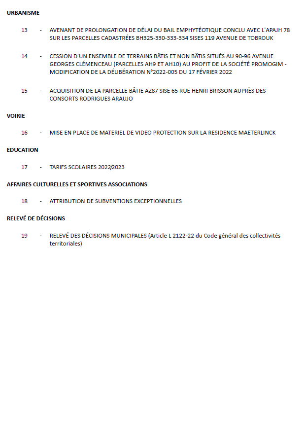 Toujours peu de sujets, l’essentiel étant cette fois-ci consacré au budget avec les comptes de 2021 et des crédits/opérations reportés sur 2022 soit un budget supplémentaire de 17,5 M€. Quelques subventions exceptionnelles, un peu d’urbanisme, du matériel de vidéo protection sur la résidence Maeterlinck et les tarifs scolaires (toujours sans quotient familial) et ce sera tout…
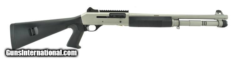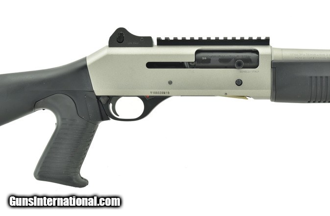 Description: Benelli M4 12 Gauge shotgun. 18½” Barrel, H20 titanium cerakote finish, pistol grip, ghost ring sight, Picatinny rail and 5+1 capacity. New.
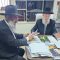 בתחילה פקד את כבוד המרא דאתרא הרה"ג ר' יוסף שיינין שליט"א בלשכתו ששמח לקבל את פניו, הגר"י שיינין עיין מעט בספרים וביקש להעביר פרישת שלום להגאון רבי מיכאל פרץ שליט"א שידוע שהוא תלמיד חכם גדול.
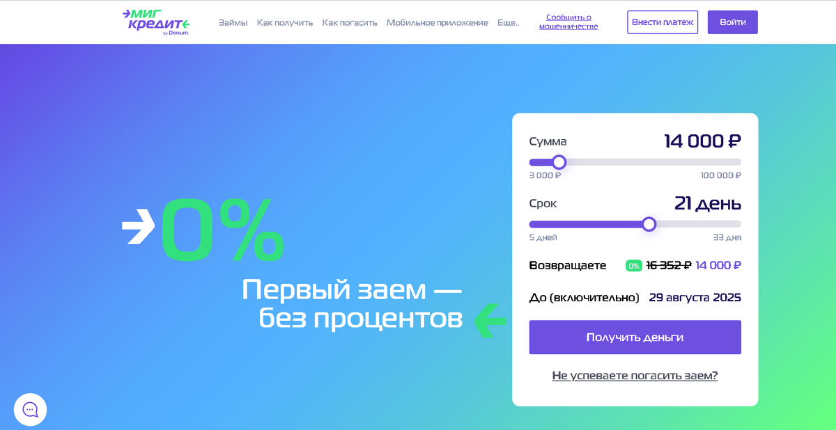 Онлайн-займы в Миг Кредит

- Task instructions
Please copy the data above exactly; the pictures do not belong in the copy.

- Task response
 Toujours peu de sujets, l’essentiel étant cette fois-ci consacré au budget avec les comptes de 2021 et des crédits/opérations reportés sur 2022 soit un budget supplémentaire de 17,5 M€. Quelques subventions exceptionnelles, un peu d’urbanisme, du matériel de vidéo protection sur la résidence Maeterlinck et les tarifs scolaires (toujours sans quotient familial) et ce sera tout…
 Description: Benelli M4 12 Gauge shotgun. 18½” Barrel, H20 titanium cerakote finish, pistol grip, ghost ring sight, Picatinny rail and 5+1 capacity. New.
 בתחילה פקד את כבוד המרא דאתרא הרה"ג ר' יוסף שיינין שליט"א בלשכתו ששמח לקבל את פניו, הגר"י שיינין עיין מעט בספרים וביקש להעביר פרישת שלום להגאון רבי מיכאל פרץ שליט"א שידוע שהוא תלמיד חכם גדול.
 Онлайн-займы в Миг Кредит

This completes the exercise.